Mease PJ, Gladman DD, Davenport EK, Zhou X, Guerette B, Teng L, Kaura S, Nash P. Improvements in work productivity with up to 104 weeks of apremilast monotherapy: results from a phase 3b, randomized, controlled study in biologic-naive subjects with active psoriatic arthritis. Poster presented at the 2017 ACR/ARHP Annual Meeting; November 5, 2017. San Diego, CA.

BACKGROUND/PURPOSE: Patients with active psoriatic arthritis (PsA) may experience disease manifestations across multiple domains, as well as impaired functioning in daily activities at home and at work. ACTIVE, a phase 3b study, is evaluating the efficacy of apremilast (APR) monotherapy in biologic-naïve subjects with PsA who may have had exposure to 1 prior conventional disease-modifying anti-rheumatic drug. The ACTIVE work productivity findings through Week 104 are reported.

METHODS: Subjects were randomized (1:1) to receive APR 30 mg BID or placebo. Subjects who did not improve at least 10% in both swollen and tender joint counts at Week 16 were eligible for early escape.

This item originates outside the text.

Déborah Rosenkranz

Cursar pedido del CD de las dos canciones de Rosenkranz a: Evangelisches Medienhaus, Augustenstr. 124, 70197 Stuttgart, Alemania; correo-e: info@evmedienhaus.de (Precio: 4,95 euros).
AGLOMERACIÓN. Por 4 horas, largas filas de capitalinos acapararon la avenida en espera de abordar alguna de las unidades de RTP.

At Week 24, all remaining placebo subjects were switched to APR. Work productivity and activity impairment were assessed at baseline and Week 16 using the 6-item, self-administered Work Productivity and Activity Impairment Questionnaire: Psoriatic Arthritis (WPAI:PsA). The WPAI:PsA includes 4 subscale scores: Absenteeism, Presenteeism, Work Productivity Loss, and Activity Impairment; subscale scores each range from 0% to 100%, with higher scores indicating greater impairment. Work-related subscales were evaluated only among employed subjects, while activity impairment was evaluated among all subjects, regardless of employment. Correlations were examined at Week 16 between WPAI:PsA subscale scores and selected 36-item Short-Form Health Survey version 2 (SF-36v2) domain scores (i.e., Physical Functioning [PF], Bodily Pain [Pain], and Vitality [VIT]). Improvement in work productivity was assessed through Week 104.

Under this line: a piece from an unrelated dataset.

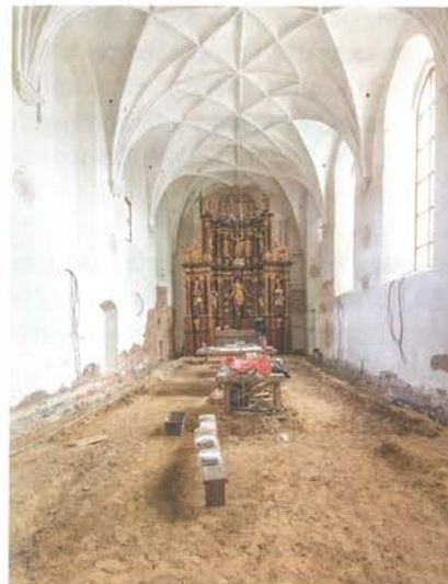
13. Barczewo. Kościół Świętego Andrzeja. Prezbiterium w trakcie prac konserwatorskich, 2021.

Baseline characteristics were similar between the APR and placebo subjects with WPAI:PsA scores included in the current analysis. At Week 16, APR significantly improved work productivity and the ability to carry out daily activities compared with placebo, with significantly greater mean improvements observed in the overall Work Productivity Loss score (P=0.001) and Activity Impairment score (P<0.001) (Table). Estimated mean change in the Absenteeism score was similar with APR vs. placebo (P=0.679). By contrast, the Presenteeism score showed significant improvement with APR vs. worsening with placebo (−10.8% vs. 4.1%; P=0.002). At Week 16, statistically significant correlations were observed between WPAI:PsA subscale scores (except Absenteeism) and SF-36v2 domain scores (i.e., PF, Pain, and VIT). Among subjects randomized to receive APR at baseline, Week 16 WPAI:PsA subscale score improvements were generally maintained through Week 104.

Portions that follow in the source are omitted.